**About this exercise**
Every line from the one with "Unisex Polyester Bucket" through the end of the entries below must be retyped exactly, and only those lines. The pictures are not part of the copy.

(Data extracted from a collection)

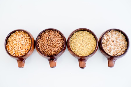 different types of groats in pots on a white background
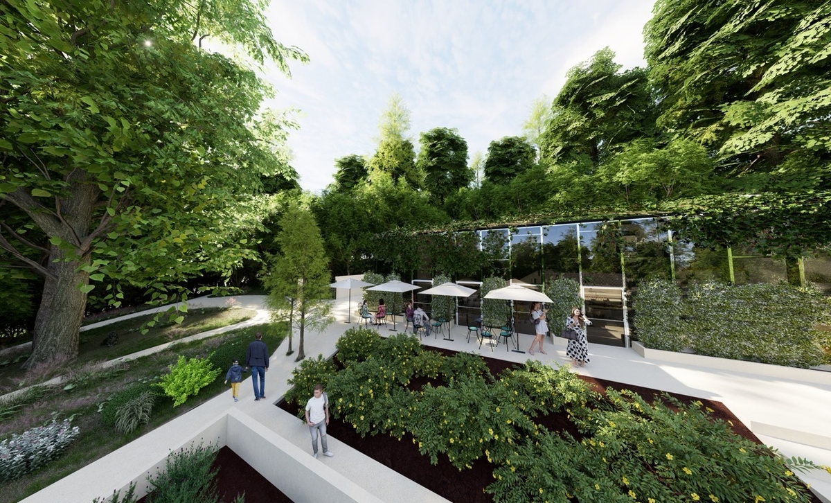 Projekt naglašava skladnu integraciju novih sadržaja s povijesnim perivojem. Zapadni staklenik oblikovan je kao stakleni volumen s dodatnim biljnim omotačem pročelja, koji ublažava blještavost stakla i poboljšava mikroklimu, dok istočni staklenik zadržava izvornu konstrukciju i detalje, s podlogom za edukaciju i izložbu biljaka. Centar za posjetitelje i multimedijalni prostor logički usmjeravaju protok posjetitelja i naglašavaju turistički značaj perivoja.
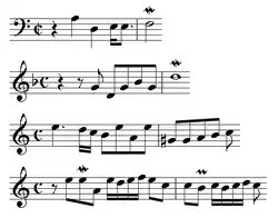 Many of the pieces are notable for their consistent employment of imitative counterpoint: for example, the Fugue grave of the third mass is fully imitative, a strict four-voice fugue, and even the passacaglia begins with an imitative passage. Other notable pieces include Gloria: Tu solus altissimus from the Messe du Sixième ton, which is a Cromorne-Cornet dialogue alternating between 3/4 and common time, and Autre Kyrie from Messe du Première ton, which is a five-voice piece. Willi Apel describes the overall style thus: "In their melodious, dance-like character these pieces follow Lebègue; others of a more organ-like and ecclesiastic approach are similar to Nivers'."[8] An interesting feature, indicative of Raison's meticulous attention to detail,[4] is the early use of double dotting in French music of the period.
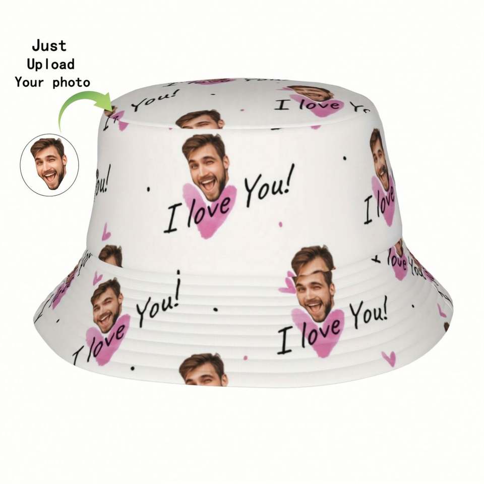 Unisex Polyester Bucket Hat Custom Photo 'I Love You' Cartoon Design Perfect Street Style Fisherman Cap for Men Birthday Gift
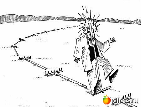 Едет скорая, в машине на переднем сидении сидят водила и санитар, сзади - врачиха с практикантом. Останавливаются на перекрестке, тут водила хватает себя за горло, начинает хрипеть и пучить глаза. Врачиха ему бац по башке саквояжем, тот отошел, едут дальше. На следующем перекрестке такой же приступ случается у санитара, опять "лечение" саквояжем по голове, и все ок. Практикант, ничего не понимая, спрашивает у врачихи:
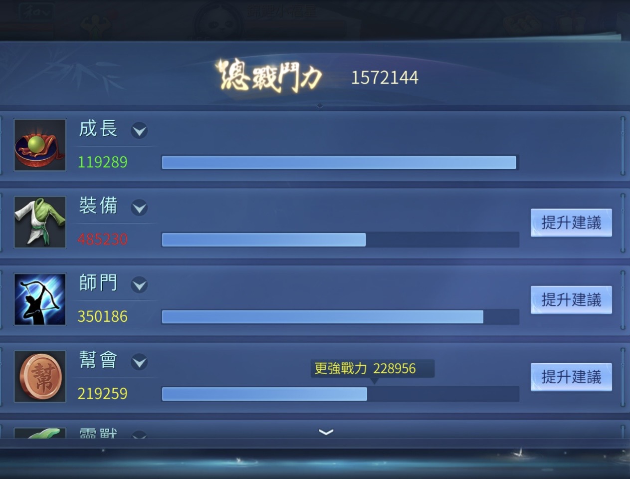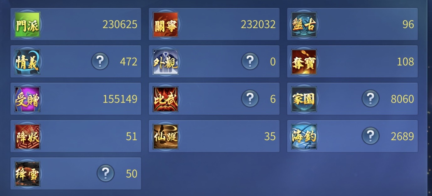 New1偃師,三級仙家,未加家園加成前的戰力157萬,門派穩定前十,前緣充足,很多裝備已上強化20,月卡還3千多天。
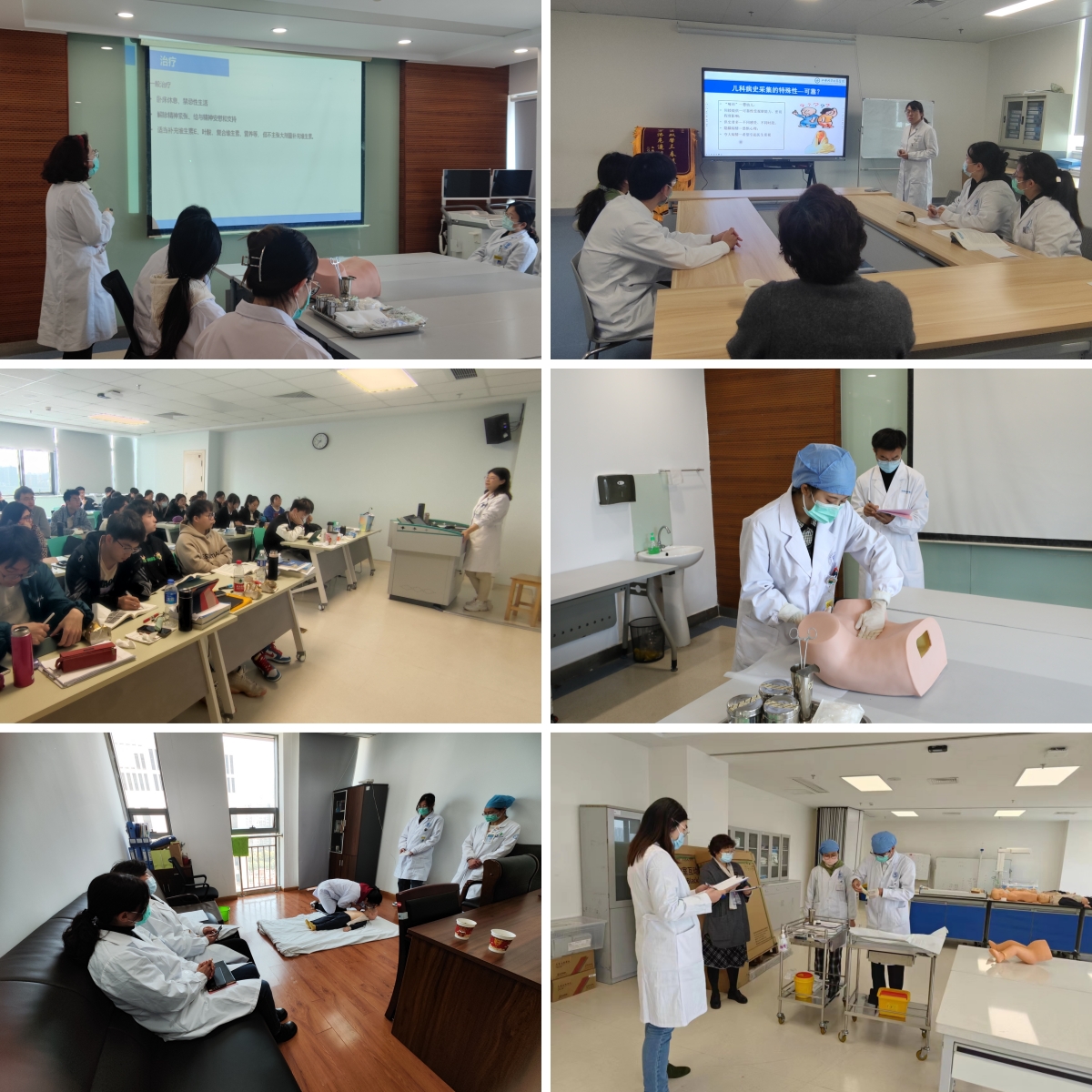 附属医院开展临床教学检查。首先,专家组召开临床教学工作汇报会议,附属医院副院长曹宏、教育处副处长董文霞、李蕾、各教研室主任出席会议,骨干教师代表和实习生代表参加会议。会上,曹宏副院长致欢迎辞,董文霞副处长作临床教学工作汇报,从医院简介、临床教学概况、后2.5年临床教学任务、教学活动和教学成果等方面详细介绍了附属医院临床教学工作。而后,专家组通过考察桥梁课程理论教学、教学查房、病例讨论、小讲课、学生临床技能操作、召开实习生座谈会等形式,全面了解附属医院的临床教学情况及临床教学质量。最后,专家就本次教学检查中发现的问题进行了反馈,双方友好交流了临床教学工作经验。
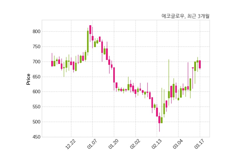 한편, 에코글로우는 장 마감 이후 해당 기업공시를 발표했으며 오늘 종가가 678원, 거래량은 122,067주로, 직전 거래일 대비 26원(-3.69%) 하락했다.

**Answer for this exercise**
 Unisex Polyester Bucket Hat Custom Photo 'I Love You' Cartoon Design Perfect Street Style Fisherman Cap for Men Birthday Gift
 Едет скорая, в машине на переднем сидении сидят водила и санитар, сзади - врачиха с практикантом. Останавливаются на перекрестке, тут водила хватает себя за горло, начинает хрипеть и пучить глаза. Врачиха ему бац по башке саквояжем, тот отошел, едут дальше. На следующем перекрестке такой же приступ случается у санитара, опять "лечение" саквояжем по голове, и все ок. Практикант, ничего не понимая, спрашивает у врачихи:
 New1偃師,三級仙家,未加家園加成前的戰力157萬,門派穩定前十,前緣充足,很多裝備已上強化20,月卡還3千多天。
 附属医院开展临床教学检查。首先,专家组召开临床教学工作汇报会议,附属医院副院长曹宏、教育处副处长董文霞、李蕾、各教研室主任出席会议,骨干教师代表和实习生代表参加会议。会上,曹宏副院长致欢迎辞,董文霞副处长作临床教学工作汇报,从医院简介、临床教学概况、后2.5年临床教学任务、教学活动和教学成果等方面详细介绍了附属医院临床教学工作。而后,专家组通过考察桥梁课程理论教学、教学查房、病例讨论、小讲课、学生临床技能操作、召开实习生座谈会等形式,全面了解附属医院的临床教学情况及临床教学质量。最后,专家就本次教学检查中发现的问题进行了反馈,双方友好交流了临床教学工作经验。
 한편, 에코글로우는 장 마감 이후 해당 기업공시를 발표했으며 오늘 종가가 678원, 거래량은 122,067주로, 직전 거래일 대비 26원(-3.69%) 하락했다.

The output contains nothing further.